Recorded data

+ + +

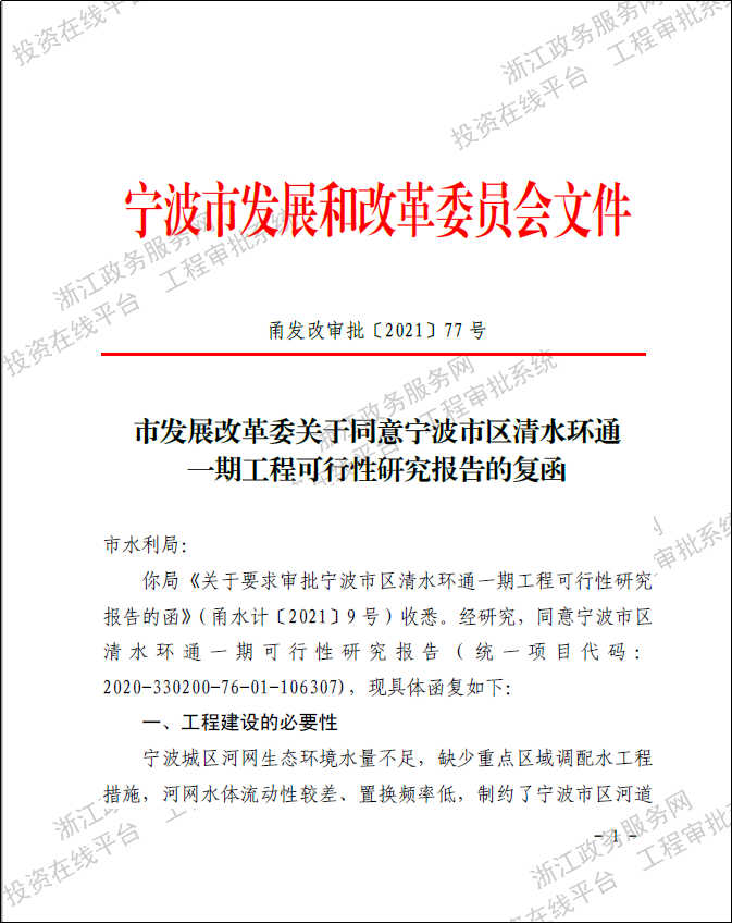 寧波市區(qū)清水環(huán)通一期工程西起機場高架、東至福慶路,北起北環(huán)高架,南至鄞州大道,面積合計約146km2,是寧波市區(qū)重要的河網(wǎng)引配水工程,亦是緩解老城內(nèi)澇壓力的有力舉措。為提升河網(wǎng)環(huán)境用水量、促進水系互聯(lián)互通、改善水體流態(tài),寧波市區(qū)清水環(huán)通一期工程創(chuàng)新性的引入“精準(zhǔn)補水、高速水路”的計理念,切實解決了寧波城區(qū)現(xiàn)狀大水漫灌的河網(wǎng)調(diào)水模式下調(diào)水效率低下、補水針對性不強等痛點、難點問題。該工程可研報告于2021年5月獲寧波市發(fā)展和改革委員會批復(fù)。
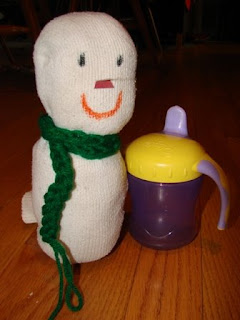 Since we have no snow, Kirsten and Mae made their own snowman today using old socks, some yarn, washable markers (in case we ever need to use the socks) and a scrap of paper. Now, we aren't trying to be sexist -- Mae decided hers was indeed a snowman, who she promptly has named Jim. (Rich said, "Jim? Really, Jim?")
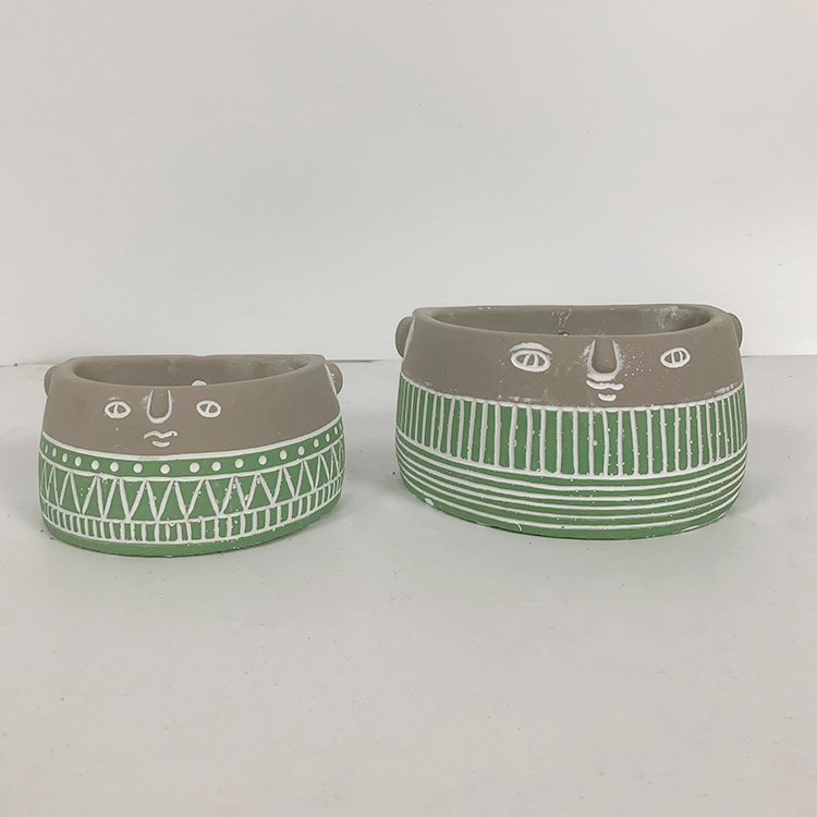 | Description | Face shape cement flower pot |
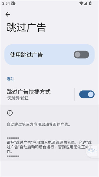 将 AdSkipper 设置为不受限制或加入白名单,防止系统在后台运行时将其清理或优化,以确保它能持续稳定地工作。
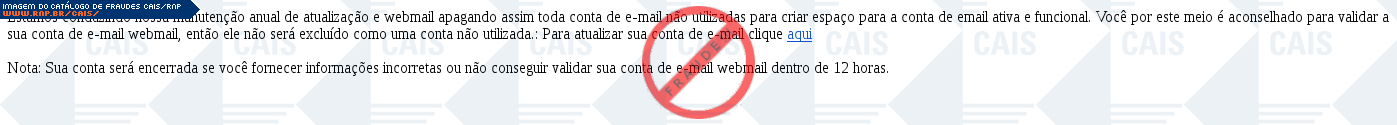 | tipo | FRAUDE - Webmail Manutenção e Atualização | ID: 46176 |
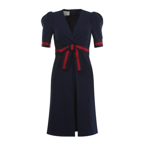 GUCCI/古驰 深蓝色 V领 腰部条纹蝴蝶结 短袖 女士连衣裙 501488 X7B04 4969
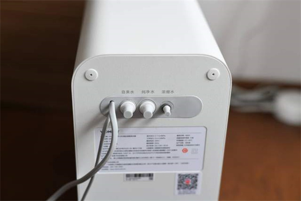 背部面板也是比较简洁,提供了自来水、纯净水以及浓缩水接口,然后就是电源线,没有其他杂七杂八的设计,安装也是相当简单。
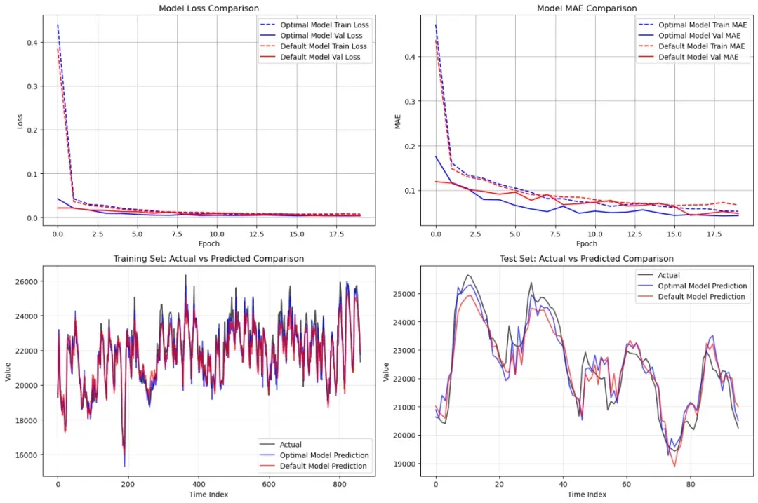 贝叶斯优化通过高斯过程(GP)代理模型拟合超参数与验证损失之间的黑箱函数,利用期望改进(EI)等采集函数指导下一次采样。在LSTM超参数优化中,其搜索效率比网格搜索高40倍。本文采用Optuna框架实现并行化贝叶斯优化,支持早停机制以避免无效探索。
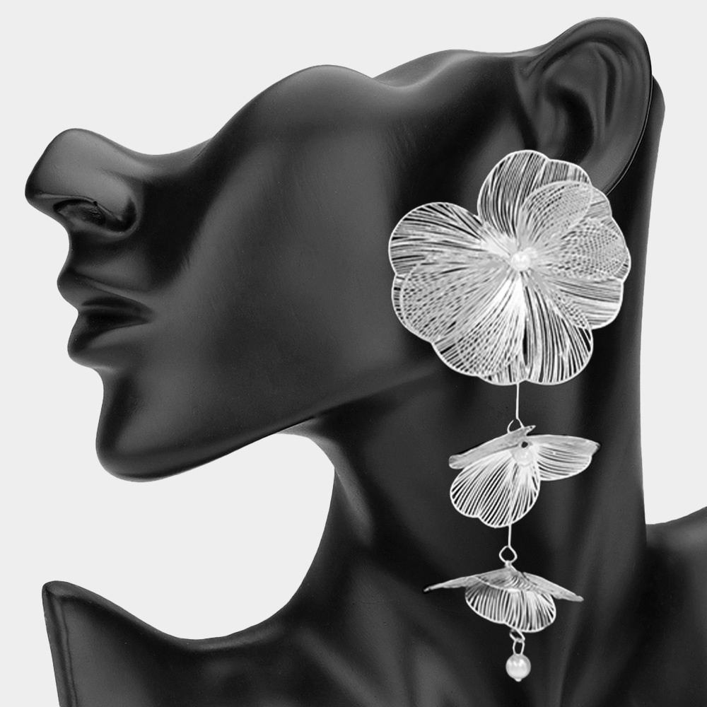 Pearl Tip Metal Filigree Flower Petal Drop Earrings
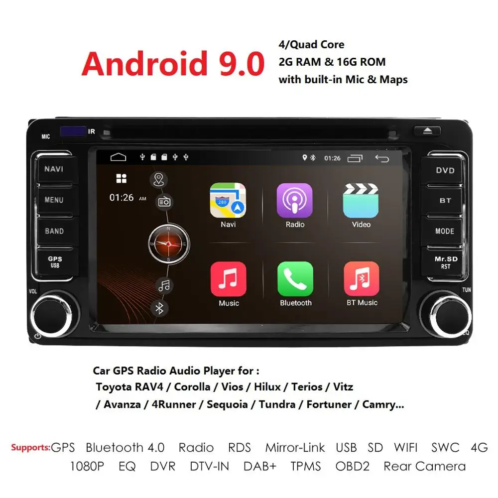 Product Name: 4G DVR SWC карта 2DIN четырехъядерный Android9.0 автомобильный dvd плеер для TOYOTA Previa Старый Corolla Camry Rav4 Prado Terios Vios Hilux font b gps b font Navi
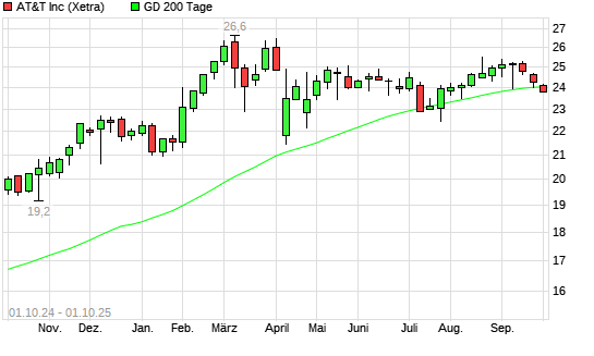 Mit dem Rücksetzer auf 21,02 EUR hat die AT&T-Aktie (ISIN US00206R1023) am 09.12.2025 ein neues 6-Monats-Tief erreicht und damit den Kurs vom 23.10.2025 eingestellt.Die AT&T-Aktie befindet ...weiterlesen
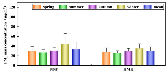 3.1. Seasonal Variation of PM1 Mass Concentrations
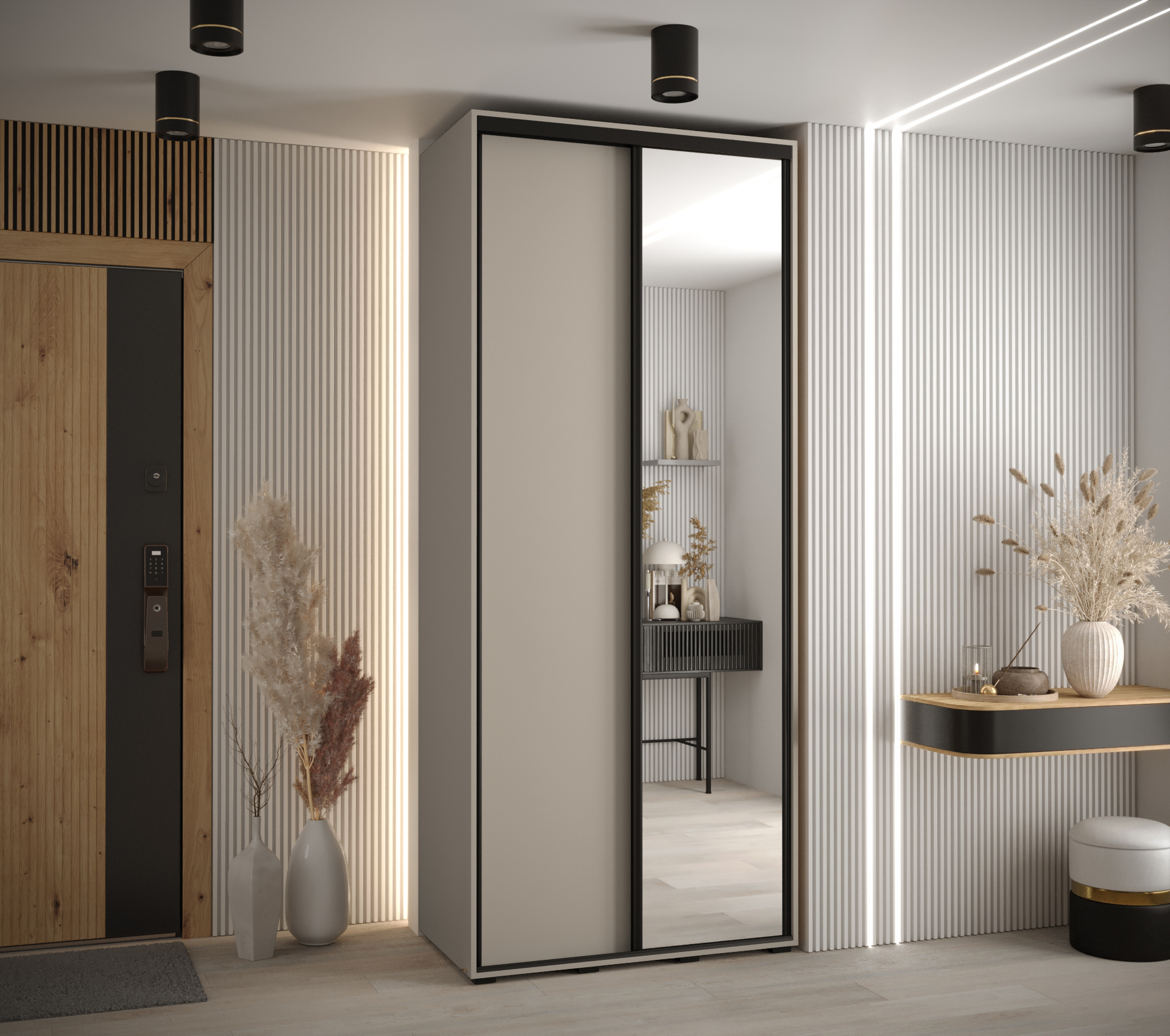 Tato skříň se pyšní moderním vzhledem, který kombinuje kašmírovou barvu korpusu s elegantním zrcadlem na dveřích. Černé úchyty dodávají skříni šmrnc a podtrhují její stylový design.
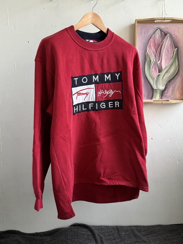 Красный свитшот от Tommy Hilfiger. Стильный и комфортный, идет оверсайз со спущенным плечом. Размер XL Плечи 60 Длина рукава 59 Груди 63 Длина от ворота 77
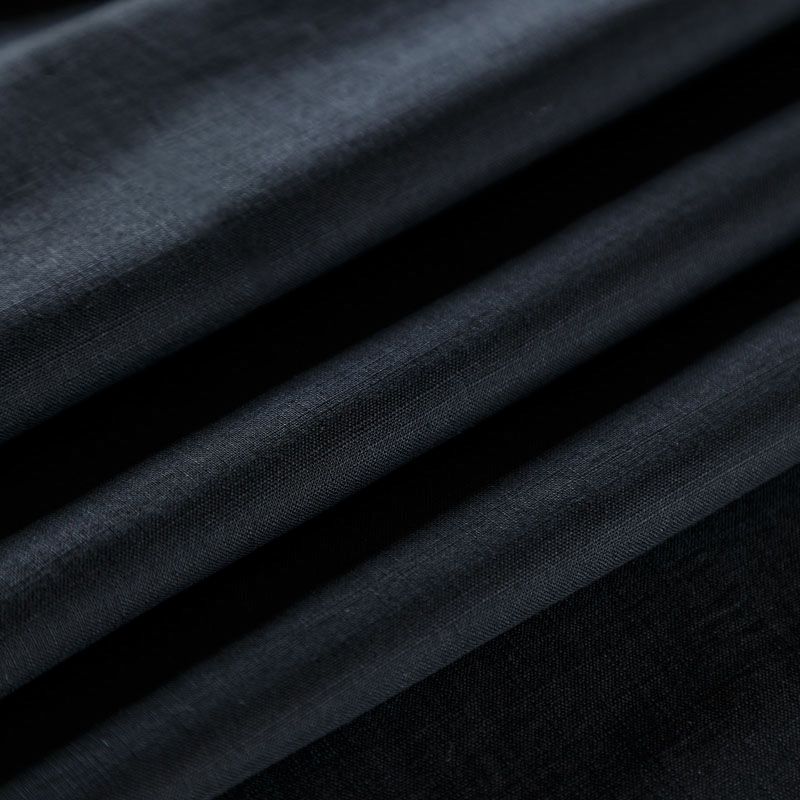 Итальянский плательно-рубашечный лен в черном оттенке. Ткань прочная, имееет на ощупь приятную, гладкую поверхность, а визуально - выраженный рельеф и полотняное переплетение, плачтичная, хорошо драпируется. Подойдет для пошива широких брюк, шорт, рубашек, туники, юбок, платьев, сарафанов, топов, комбинезонов.
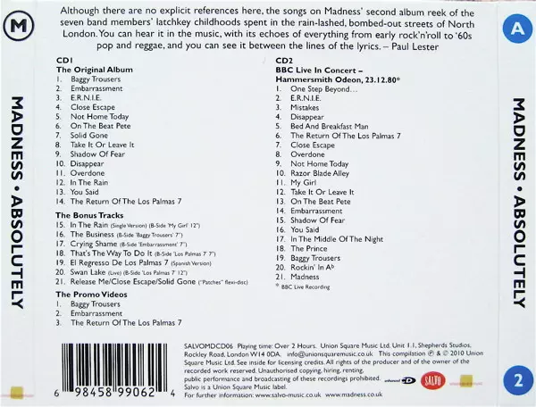 Madness: Absolutely versie op 2CD in remastered editie. Deze specifieke uitgave werd uitgebracht in Verenigd Koninkrijk bij uitgeverij Salvo in samenwerking met Union Square Music op 23. juli 2021.
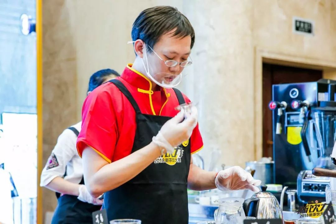 《芥问》同样大胆使用了芥末,底部加入柠檬,增加底蕴香气。总体来讲,华总赛区选手整体实力偏稳,但在激烈竞争下,也迸发出不少创意。例如,既使用到冬枣、苦瓜等冷门食材,选手陈楠还在奶茶中融入了山竹——这几天很有话题点的食材。另外,茶和咖啡的创意结合也被选手陈楠、陈雅运用,进行口感上的融合,也增加创意。更有看头的是,选手们在颜值和表演上也下足了功夫:自带BGM:两天的比赛中,有好几位选手都专门准备了音乐进行伴奏。并且,他们在音乐的选择上也各有特色:有活力的动感旋律,有带着这场比赛城市感情的《关于郑州的回忆》,还有浓浓古风味道的中国风歌曲,为饮品制作增添了别样韵味。做产品不如来段表演:选手陈伟雄在半决赛中的一个动作惊艳全场(如下图),很有气势地展现了拉茶大师傅的风采,也彰显了自己的实力。第二天也有选手尝试,可惜没有被拍下来(捂脸)。
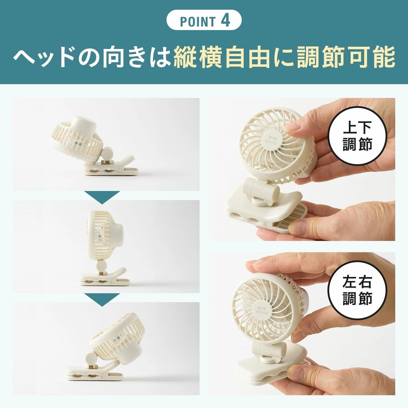 BRUNO ブルーノ ハンディファン 扇風機 小型 クリップ ポータブル ミニファン 軽量 アイボリー 白 BDE066-IV
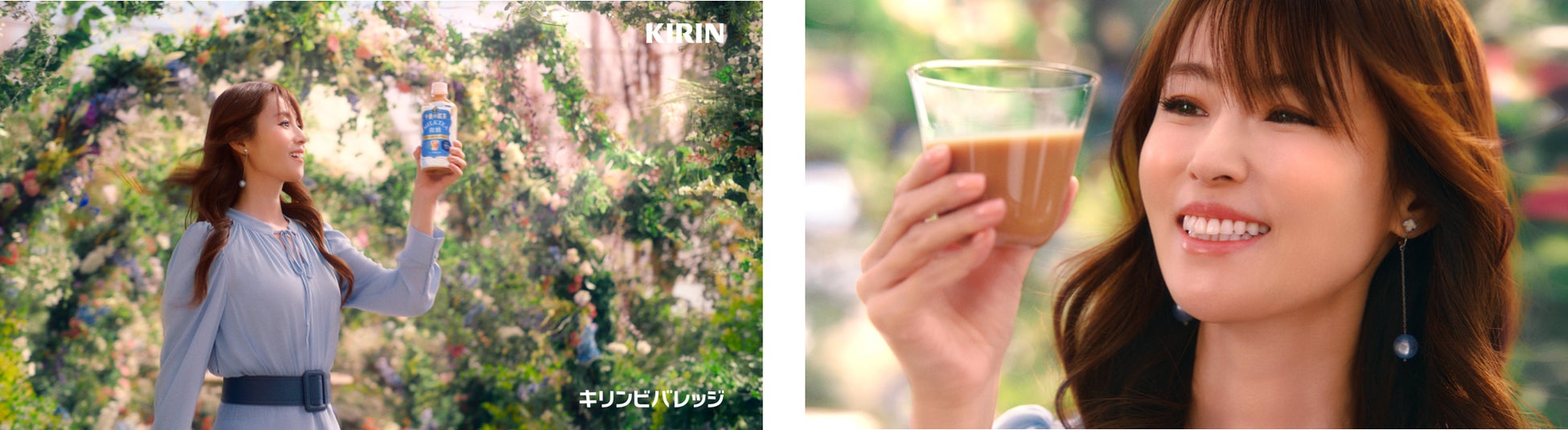 新TVCMには、これまでも多くの「キリン 午後の紅茶」ブランドのイメージキャラクターを務めている女優・深田恭子さんが出演します。新たな出会いの季節に、色とりどりの花々が美しいイングリッシュガーデンで、「キリン 午後の紅茶 ミルクティー 微糖」と深田さんがうれしい出会いを果たす様子を、春のウキウキ感とともに描いています。はじめて味わうシーンでは、“贅沢な味わい。なのに、カロリーは半分”を叶えた商品を体験し、その新しさに“おいしい!”と深田さんの華やかな笑顔も咲き誇ります。本TVCMを通じて、春の訪れとともに誕生する、「午後の紅茶」の新しい微糖ミルクティーの魅力を印象的に伝えていきます。

+ + +

Leaving pictures out, output the lines of the data above from the one with "Since we have" through the one with "Product Name: 4G", word for word.

> **Response below**:
 Since we have no snow, Kirsten and Mae made their own snowman today using old socks, some yarn, washable markers (in case we ever need to use the socks) and a scrap of paper. Now, we aren't trying to be sexist -- Mae decided hers was indeed a snowman, who she promptly has named Jim. (Rich said, "Jim? Really, Jim?")
 | Description | Face shape cement flower pot |
 将 AdSkipper 设置为不受限制或加入白名单,防止系统在后台运行时将其清理或优化,以确保它能持续稳定地工作。
 | tipo | FRAUDE - Webmail Manutenção e Atualização | ID: 46176 |
 GUCCI/古驰 深蓝色 V领 腰部条纹蝴蝶结 短袖 女士连衣裙 501488 X7B04 4969
 背部面板也是比较简洁,提供了自来水、纯净水以及浓缩水接口,然后就是电源线,没有其他杂七杂八的设计,安装也是相当简单。
 贝叶斯优化通过高斯过程(GP)代理模型拟合超参数与验证损失之间的黑箱函数,利用期望改进(EI)等采集函数指导下一次采样。在LSTM超参数优化中,其搜索效率比网格搜索高40倍。本文采用Optuna框架实现并行化贝叶斯优化,支持早停机制以避免无效探索。
 Pearl Tip Metal Filigree Flower Petal Drop Earrings
 Product Name: 4G DVR SWC карта 2DIN четырехъядерный Android9.0 автомобильный dvd плеер для TOYOTA Previa Старый Corolla Camry Rav4 Prado Terios Vios Hilux font b gps b font Navi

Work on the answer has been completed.